Troubleshooting
This page covers common issues encountered when operating GolemXV and their solutions.
Agent Issues
Agent can't check in
Symptom: POST /checkin returns 401 or connection refused.
Possible causes:
Invalid API key -- The key may be revoked, incorrectly copied, or belongs to an inactive project.
- Verify the key is correct in
GOLEM.yamlor theX-API-Keyheader - Check that the project is active in the dashboard
- Generate a new key if needed via the dashboard project settings
- Verify the key is correct in
Wrong server URL -- The agent is pointing at the wrong host.
- Verify
serverinGOLEM.yamlmatches the actual coordinator URL - Check that the URL includes the correct protocol (http/https) and port
- Verify
Network connectivity -- Firewall or DNS blocking the connection.
- Test with
curl -I https://your-coordinator/_gxv/api/v1/presence -H "X-API-Key: your_key" - Check firewall rules allow traffic on the coordinator port
- Test with
GOLEM.yaml format error -- The YAML file has syntax errors.
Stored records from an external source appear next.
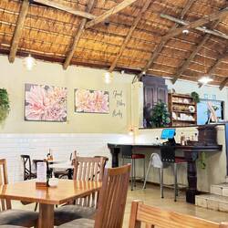 Danach bummle ich durch kleine Läden und charmante Galerien, die neben dem Café um eine grüne Innenanlage verteilt liegen - ähnlich wie im Barnedale-Zentrum am Anfang meiner Reise. Mein Jagdinstinkt hat von „Tiere” auf „Mitbringsel“ umgeschaltet. Ich finde einige schöne Dinge, die ich eigentlich nicht brauche, aber die Erinnerungen mit sich tragen. In einer Kunstgalerie kann ich einem Warzenschwein aus Ton mit einer wunderschönen Glasur eines lokalen Künstler nicht widerstehen. Wie ich alles im Gepäck verstauen kann? Keine Ahnung - darum kümmere ich mich später. 😅
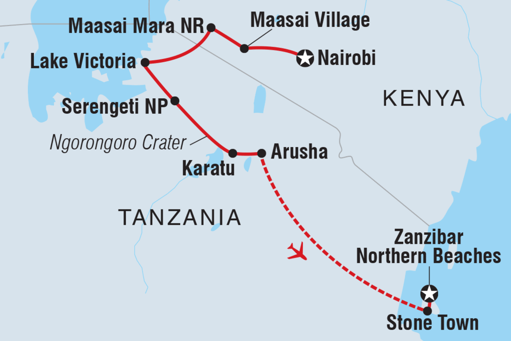 Got 13 days and a desire to see as much of East Africa as you can? Welcome to the trip of a lifetime. This trip is the perfect introduction to the diversity of East Africa – go on 4WD safaris in the Maasai Mara and Serengeti National Parks, stop at remote market towns, spend a night in a Maasai village, explore the Ngorongoro Crater in a jeep, then top it all off with two full days to enjoy the powdery beaches of Zanzibar. Do it all with a small group of like-minded travellers, forging new friendships along the way.
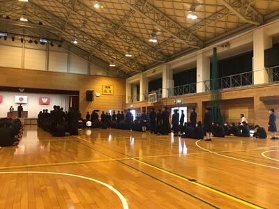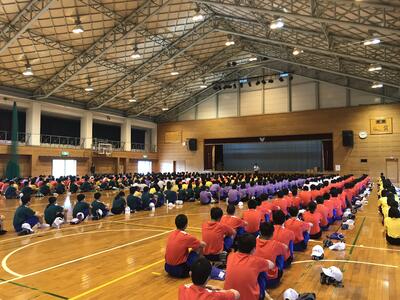 校長訓話では染村新校長の教育スローガン「考え、気づき、行動する」
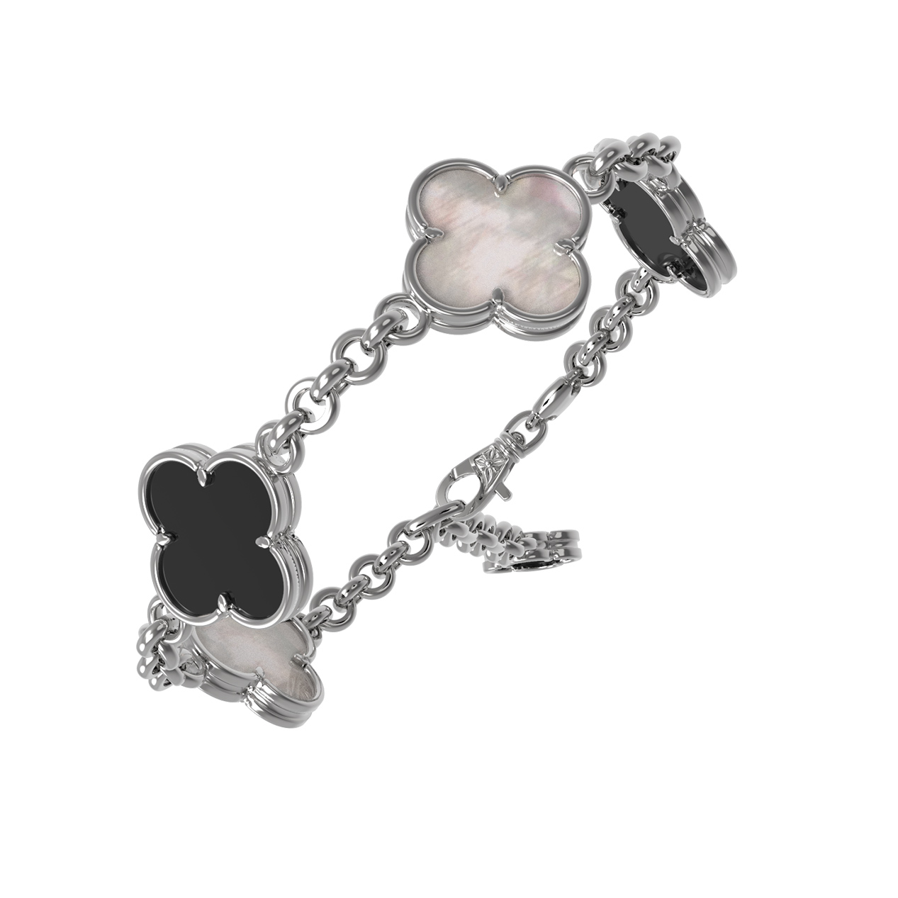 Браслет из белого золота c ониксом и перламутром
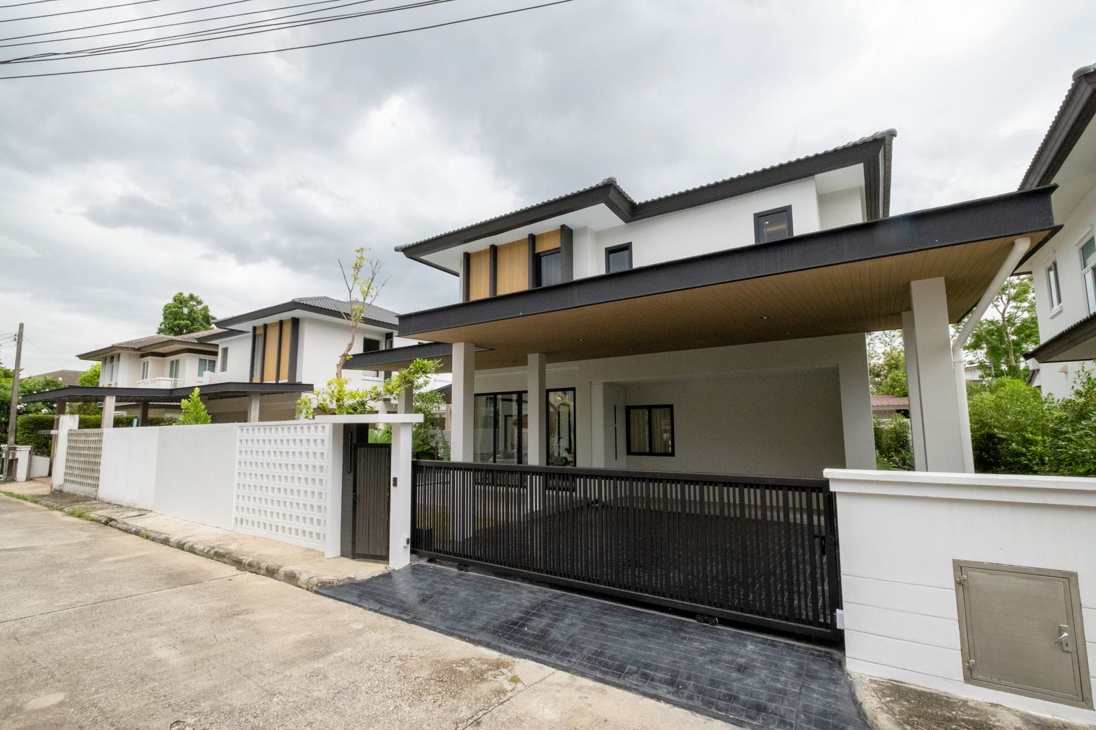 This newly renovated, modern luxury two-story pool villa in the desirable San Kamphaeng area offers 310 square meters of usable space on a 71.7 square wah plot, featuring four bedrooms and four bathrooms, with the master bath boasting a Kohler bathtub, separate shower, and dressing area. The home is meticulously designed with a spacious living room, two fully equipped kitchens including an island and dining area for six, a walk-in closet, and a versatile multipurpose room. Convenience is paramount with fully built-in furniture, Cotto sanitary ware, and a 3 x 6.35 meter saltwater swimming pool, complemented by parking for two cars and an electric remote-controlled gate. Modern living is ensured with seven Daikin air conditioners, a digital door lock, two 65-inch TVs, one 55-inch TV, two large refrigerators, a water heater, three shower heaters, a microwave, oven, hood, washing machine, and dryer. Perfectly situated, the property is a short distance from the U.S. Consulate (CBP) and the new Chiang Mai International School (CMIS) at Payap University.
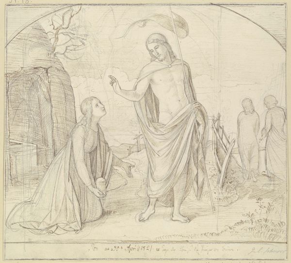 This drawing, ‘Allegory of the Genius of Art,’ was made by Ditlev Blunck in the 19th century, using graphite on paper. The visible labor involved in the artwork's production is considerable, seen in the meticulous crosshatching and precise lines that define the figures and the landscape. Graphite, as a medium, allows for a high degree of control and detail, reflecting the academic training and artistic skill of the time. The monochrome palette, dictated by the material, places emphasis on form and light, typical of neoclassical aesthetics. The artist’s method transforms a humble material into a powerful expression of artistic ideals. Appreciating the skill involved in the process encourages us to look beyond the artwork, recognizing the cultural values and traditions that have shaped its making. This approach challenges traditional distinctions between fine art and craft, valuing the work and social context embedded in its creation.
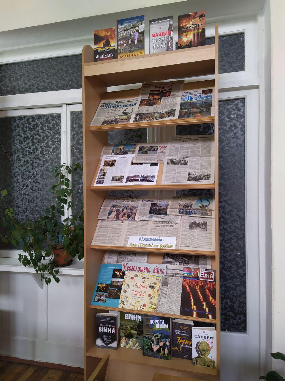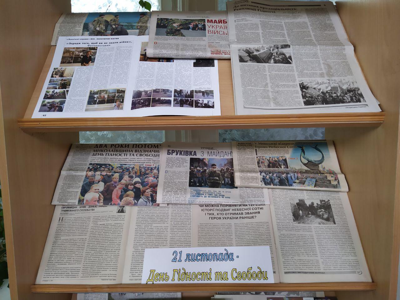 Видання, представлені в даній експозиції, розповідають про героїв і перебіг Революції Гідності, що пробудила в душі кожного українця нестримний потяг до свободи та волі. Саме на Майдані народилася нова українська нація: високоідейна, готова відстоювати ідеали справедливості, правдивості та патріотизму.
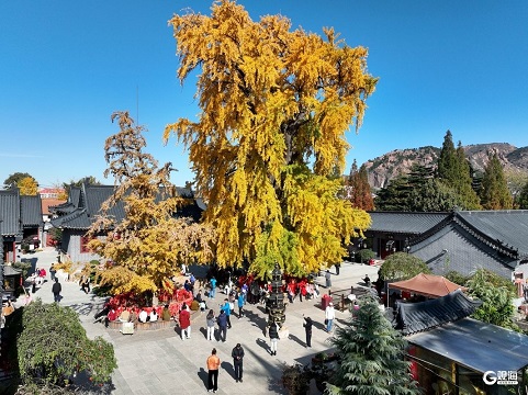 站在树下仰望,虬枝盘结如时光的笔触,将阳光筛成碎金,与漫天黄叶一同洒落。每一道叶脉都镌刻着千年风霜。树影与古寺飞檐交织,青瓦金叶,构成这个时节最诗意的画卷。微风拂过,落叶如金雨般翩跹而下,地面上仿佛铺就了一条金色的地毯。游客们或仰首拍照,或漫步叶间,记录这限定版的深秋浪漫。(青岛日报/观海新闻记者 王雷 文/图)

- Validate the YAML syntax (indentation, colons, quotes)
- Re-generate with
/gxv:initif needed
Heartbeat timeout / stale agents
Symptom: Agent sessions show as timed_out in the dashboard. Tasks marked as stale.
Possible causes:
Agent process crashed -- The Claude Code process exited without checking out.
- Check spawner logs at
storage/logs/spawner-{session_id}.log - Manually clean up stale sessions via the dashboard
- Check spawner logs at
Network interruption -- Heartbeat packets not reaching the server.
- Check network stability between agent and coordinator
- Consider increasing
heartbeat_ttl_secondsfor flaky connections
Clock skew -- If the agent and server clocks are significantly out of sync, heartbeat expiry calculations may be incorrect.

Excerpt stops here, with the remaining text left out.